The kernel will pin two bpf_links into newly mounted bpffs instance under
names "progs" and "maps". These two files become human readable.
$ cat /sys/fs/bpf/progs
id name pages attached
11 dump_bpf_map 1 bpf_iter_bpf_map
12 dump_bpf_prog 1 bpf_iter_bpf_prog
27 test_pkt_access 1
32 test_main 1 test_pkt_access test_pkt_access
33 test_subprog1 1 test_pkt_access_subprog1 test_pkt_access
34 test_subprog2 1 test_pkt_access_subprog2 test_pkt_access
35 test_subprog3 1 test_pkt_access_subprog3 test_pkt_access
36 new_get_skb_len 1 get_skb_len test_pkt_access
37 new_get_skb_ifi 1 get_skb_ifindex test_pkt_access
38 new_get_constan 1 get_constant test_pkt_access
The BPF program dump_bpf_prog() in iterators.bpf.c is printing this data about
all BPF programs currently loaded in the system. This information is unstable
and will change from kernel to kernel.
Signed-off-by: Alexei Starovoitov <ast@xxxxxxxxxx>
---
[...]
+static int bpf_link_pin_kernel(struct dentry *parent,
+ const char *name, struct bpf_link *link)
+{
+ umode_t mode = S_IFREG | S_IRUSR | S_IWUSR;
+ struct dentry *dentry;
+ int ret;
+
+ inode_lock(parent->d_inode);
+ dentry = lookup_one_len(name, parent, strlen(name));
+ if (IS_ERR(dentry)) {
+ inode_unlock(parent->d_inode);
+ return PTR_ERR(dentry);
+ }
+ ret = bpf_mkobj_ops(dentry, mode, link, &bpf_link_iops,
+ &bpf_iter_fops);
bpf_iter_fops only applies to bpf_iter links, while
bpf_link_pin_kernel allows any link type. See bpf_mklink(), it checks
bpf_link_is_iter() to decide between bpf_iter_fops and bpffs_obj_fops.
+ dput(dentry);
+ inode_unlock(parent->d_inode);
+ return ret;
+}
+
static int bpf_obj_do_pin(const char __user *pathname, void *raw,
enum bpf_type type)
{
@@ -638,6 +659,57 @@ static int bpf_parse_param(struct fs_context *fc, struct fs_parameter *param)
return 0;
}
+struct bpf_preload_ops bpf_preload_ops = { .info.driver_name = "bpf_preload" };
+EXPORT_SYMBOL_GPL(bpf_preload_ops);
+
+static int populate_bpffs(struct dentry *parent)

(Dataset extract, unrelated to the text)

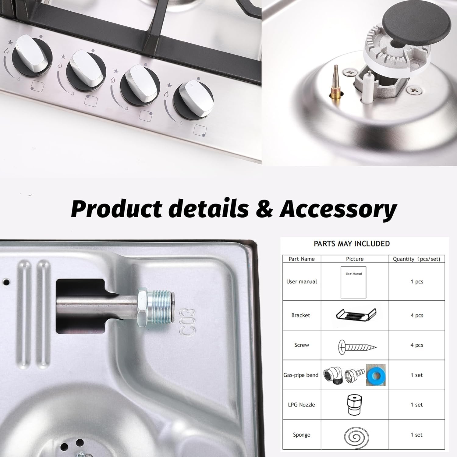 【Attention】 This Stainless Steel Built-in Gas Cooktop should be used in a ventilated place. Don’t use this Gas Stove Top on a wood table or on a tabletop with a tablecloth. This can cause high temperature and spontaneous combustion.
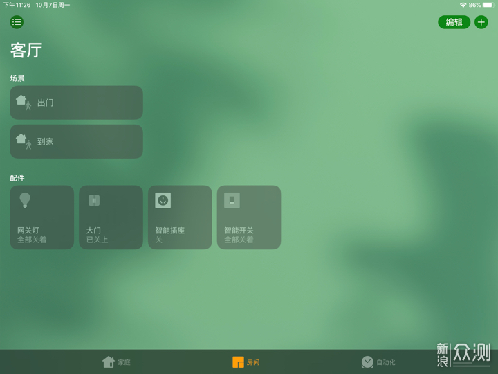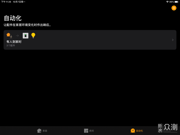 HomeKit App包含了家庭、房间、自动化三个板块。其中家庭板块中包含了所有的场景以及添加的HomeKit设备,可以看到上文的通过米家App添加的设备已经全部显示在家庭板块中.

So all the pinning has to happen from the kernel side because at the
time that bpf_fill_super is called, user-space can't yet see the
mounted BPFFS, do I understand the problem correctly? Would it be
possible to add callback to fs_context_operations that would be called
after FS is mounted and visible to user-space? At that point the
kernel can spawn the user-mode blob and just instruct it to do both
BPF object loading and pinning?
This is possible during bpf_fill_super() which is called when a `mount`
syscall is called. I experimented it a little bit when in my early
bpf_iter experiment with bpffs to re-populate every existing
iterators in a new bpffs mount.
In this case, we probably do not want to repopulate it in
every new bpffs mount. I think we just want to put them in a fixed
location. Since this is a fixed location, the system can go ahead
to do the mount, I think. But could just set up all necessary
data structures and do eventual mount after file system is up
in user space. Just my 2 cents.
Or are there some other complications with such approach?
+{
+ struct bpf_link *links[BPF_PRELOAD_LINKS] = {};
+ u32 link_id[BPF_PRELOAD_LINKS] = {};
+ int err = 0, i;
+
+ mutex_lock(&bpf_preload_ops.lock);
+ if (!bpf_preload_ops.do_preload) {
+ mutex_unlock(&bpf_preload_ops.lock);
+ request_module("bpf_preload");
+ mutex_lock(&bpf_preload_ops.lock);
+
+ if (!bpf_preload_ops.do_preload) {
+ pr_err("bpf_preload module is missing.\n"
+ "bpffs will not have iterators.\n");
+ goto out;
+ }
+ }
+
+ if (!bpf_preload_ops.info.tgid) {
+ err = bpf_preload_ops.do_preload(link_id);
+ if (err)
+ goto out;
+ for (i = 0; i < BPF_PRELOAD_LINKS; i++) {
+ links[i] = bpf_link_by_id(link_id[i]);
+ if (IS_ERR(links[i])) {
+ err = PTR_ERR(links[i]);
+ goto out;
+ }
+ }
+ err = bpf_link_pin_kernel(parent, "maps", links[0]);
+ if (err)
+ goto out;
+ err = bpf_link_pin_kernel(parent, "progs", links[1]);
+ if (err)
+ goto out;
This hard coded "maps" -> link #0, "progs" -> link #1 mapping is what
motivated the question above about letting user-space do all pinning.
It would significantly simplify the kernel part, right?
+ err = bpf_preload_ops.do_finish();
+ if (err)
+ goto out;
+ }
[...]